# QUESO  FRESCO



## gary s (Dec 17, 2017)

Queso Fresco

We like Queso Fresco Cheese and use a fair amount of it especially in Mexican food dishes.
I'm sure all you Texas boys and girls are very familiar with it, but for those of you who are not it is a very mild white cheese made from milk.

Here is the recipe :

*Ingredients*

·        1 gallon whole milk, not ultra-pasteurized

·        2/3 cup fresh juice from about 5 lemons, or 2/3 cup white vinegar

·        Kosher or table salt

*Directions* 

Line colander with four layers of cheesecloth, clean dishtowel or 2 layers of food-safe paper towels and set over large bowl. Heat milk in a large pot over medium-low heat, stirring frequently, until it registers 165 to 180°F on an instant-read thermometer. Add the lemon juice or vinegar 1 tablespoon at a time, stirring gently after each addition. Stop adding the acid when the curds separate from the whey: you will see white clumps of curd suspended in a pale translucent whey. Let sit uncovered for at least 5 minutes and up to 20 while the separation finishes.



Using slotted spoon or wire skimmer, transfer curds to prepared colander, cover exposed top with plastic wrap, and allow to drain until desired texture is reached, about 20 minutes if using for pressed cheese (see step 3), or an hour for fresh curds. Gently stir in salt to taste.

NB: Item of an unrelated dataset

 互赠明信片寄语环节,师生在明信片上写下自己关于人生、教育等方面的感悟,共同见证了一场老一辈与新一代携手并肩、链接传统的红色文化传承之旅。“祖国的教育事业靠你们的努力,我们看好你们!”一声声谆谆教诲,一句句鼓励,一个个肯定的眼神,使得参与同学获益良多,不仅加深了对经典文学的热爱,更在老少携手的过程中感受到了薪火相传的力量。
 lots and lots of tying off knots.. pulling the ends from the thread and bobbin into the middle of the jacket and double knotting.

For pressed cheese, gather curds into a ball in the middle of the cloth and press them into a hockey-puck shape. Tie the cloth closed around the cheese. Place the bound cheese back in the colander and place a heavy can or pan on top. Let sit until cheese has reached desired texture, about an hour and a half.

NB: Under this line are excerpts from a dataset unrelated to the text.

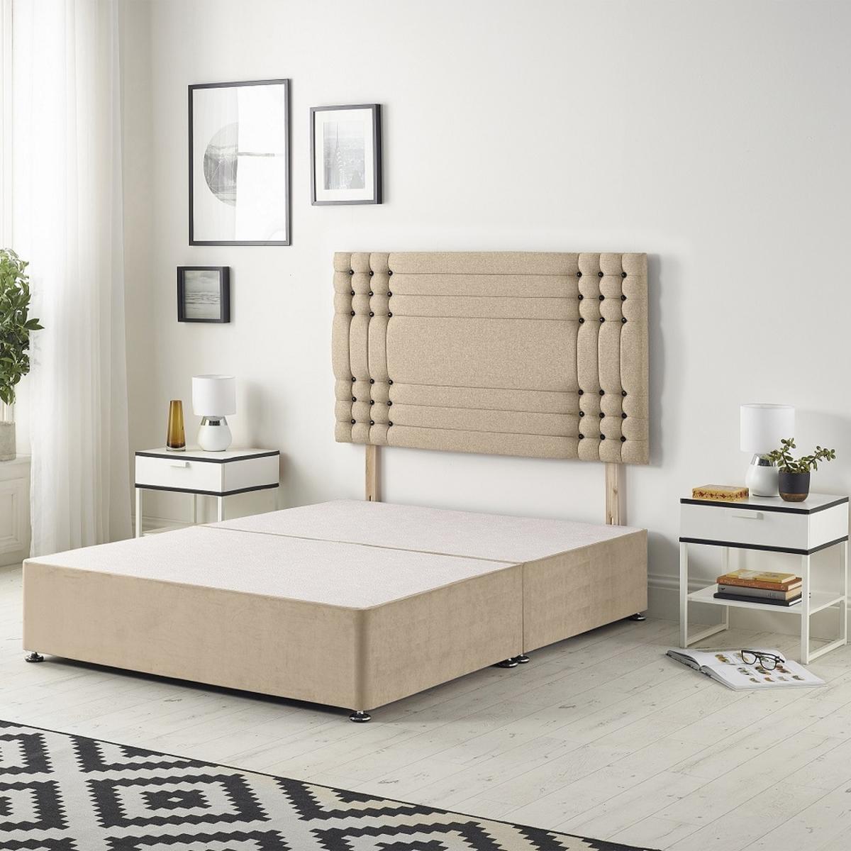 The Saville Plush Velvet Divan Bed Base with 32 Upholstered Headboard combines timeless luxury with everyday durability. Its solid platform top base provides a firm, stable foundation for your mattress, delivering superior support compared to slatted frames. Expertly crafted in the UK from quality timber and finished in plush velvet fabric, it brings refined elegance to any bedroom. The 32 upholstered headboard features tufted panels with black diamante buttons and structured panels, creating a glamorous focal point while offering comfort when sitting up in bed. Taller than standard 24 designs, it makes a grand statement. The base measures 34.5cm in height with gliders attached (30.5cm without) and is available in all standard. Headboard face panel is 32"86cm, height adjustable by struts.
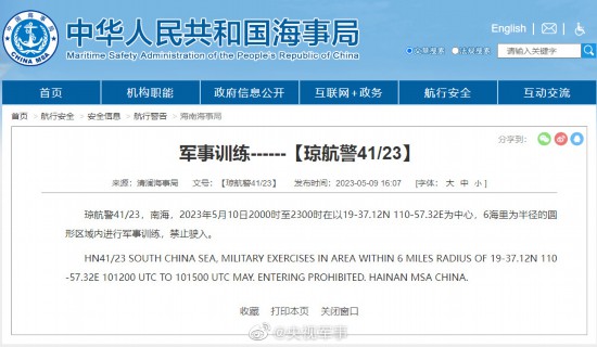 据中国海事局网站消息,清澜海事局发布航行警告,5月10日20时至23时,南海部分海域进行军事训练,禁止驶入。
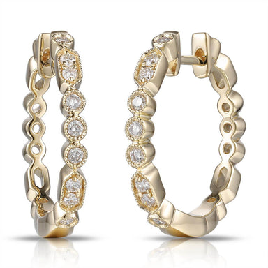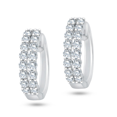 18KT Gold Double Row Diamond Hoop Earrings Diamond Weight: 0.75ct Color: F-G Clarity: VS1 Available To Order In White , Rose And Yellow Gold or Pla...
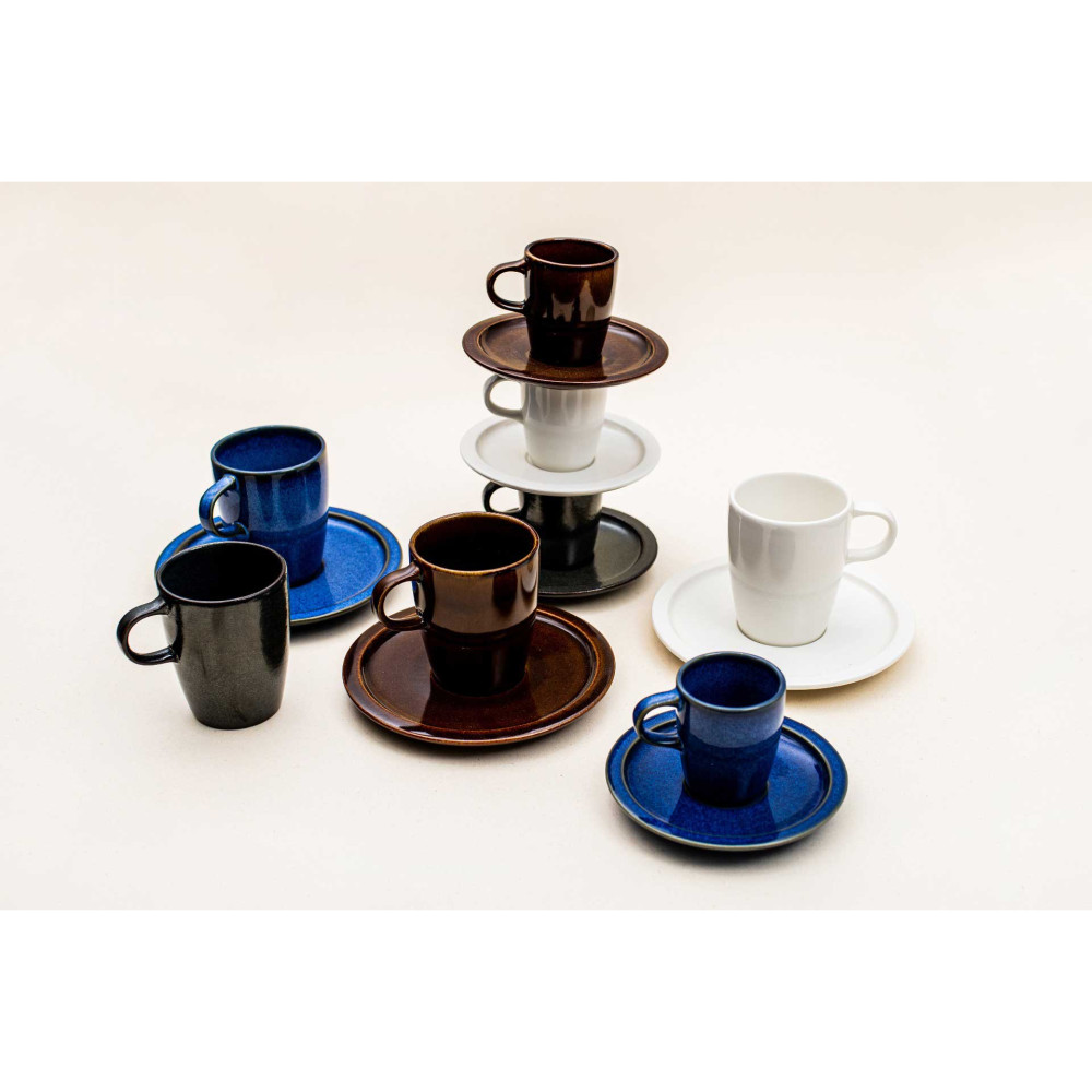 Elementy porcelany RAKSTONE dostępne są w czterech wariantach kolorystycznych: białym, wulkanicznym, kobaltowym oraz bursztynowym.
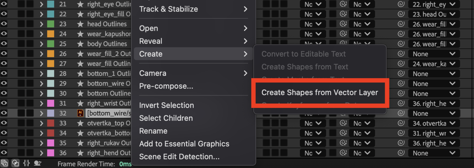 3. Переведите все импортированные слои в Shapes. Если этого не сделать, при экспорте JSON вы потеряете визуальную часть анимации из-за привязки к файлу Adobe Illustrator.
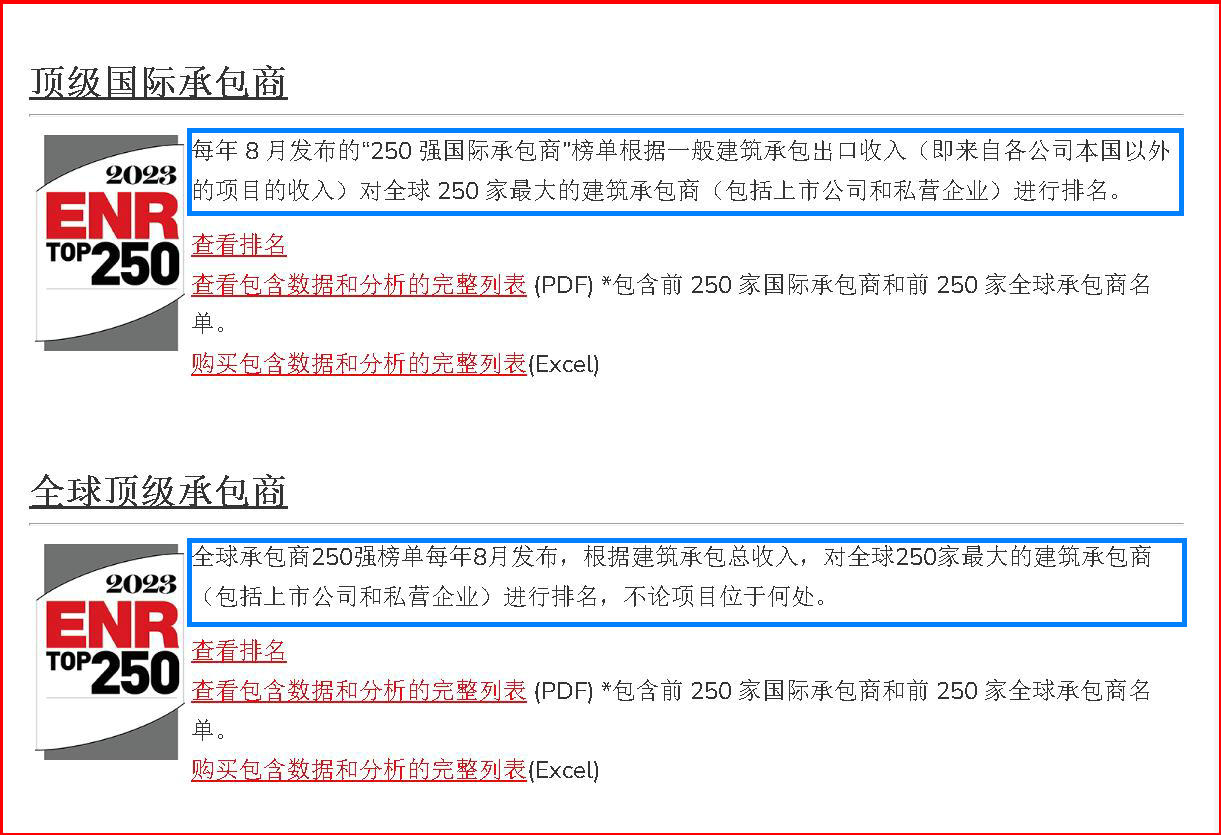 【行業(yè)資料】2023 年度 ENR 全球承包商 250 強(qiáng)和國(guó)際承包商250強(qiáng)中的中國(guó)內(nèi)地企業(yè)
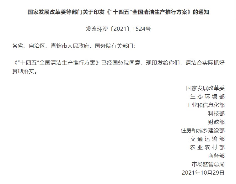 11月9日,國家發(fā)改委網(wǎng)站發(fā)布消息,國家發(fā)改委等十部門印發(fā)《“十四五”全國清潔生產(chǎn)推行方案》。

Pretty Simple !!   Here are a few pics of mine. I didn't do a step be step in pics, Watching milk come to temp is pretty boring.


Here is what it looks like after dipping it out of the whey 
This is the time to add salt. Sprinkle as much as yo like (But not to much) 
and mix.








I pressed some of the liquid out.







My press. I need to come up with a better one !  Any Ideas ?







I didn't let it press for a long time about 45 min. should have left it for an
hour and a half. Impatient !!






NOTE:  We like the light Citrusy  flavor the Lemon Juice imparts If you like
more traditional or no citrus flavor go with vinegar.

Thanks for looking, Try it Super Easy and Gooood !!


----------



## johnmeyer (Dec 17, 2017)

There was some Queso Fresco at Costco right next to the Mozzarella. I wanted the Mozzarella, but grabbed the Fresco by mistake. When I got home and discovered my mistake, I made my lasagna with it anyway. The result was not very authentic, but it was still tasty. 

But, since it was a Costco-sized hunk of cheese, I had lots of it left over and started to use it in other things.

My conclusion? This is the least "cheesy" cheese I have ever eaten. It has almost no taste whatsoever. Cream cheese is like  limburger cheese by comparison. I am not saying that this is a bad thing, but since cheese is normally used to impart strong flavor, this may not fit the bill.

So, if you know someone who doesn't like the taste of cheese, have them try this. I don't think there is anything more mild.


----------



## WaterinHoleBrew (Dec 17, 2017)

Looks great Gary, I'll have to try this!


----------



## gary s (Dec 17, 2017)

Hence  "A Mild Cheese"  it is milder than Mozzarella, But you can kick it up if you desire. You can add onion or garlic powder, red pepper chopped Jalapeno ....  You get the drift sky is the limit.
Also depends on the brand (on store bought) some add more salt which enhances the flavor.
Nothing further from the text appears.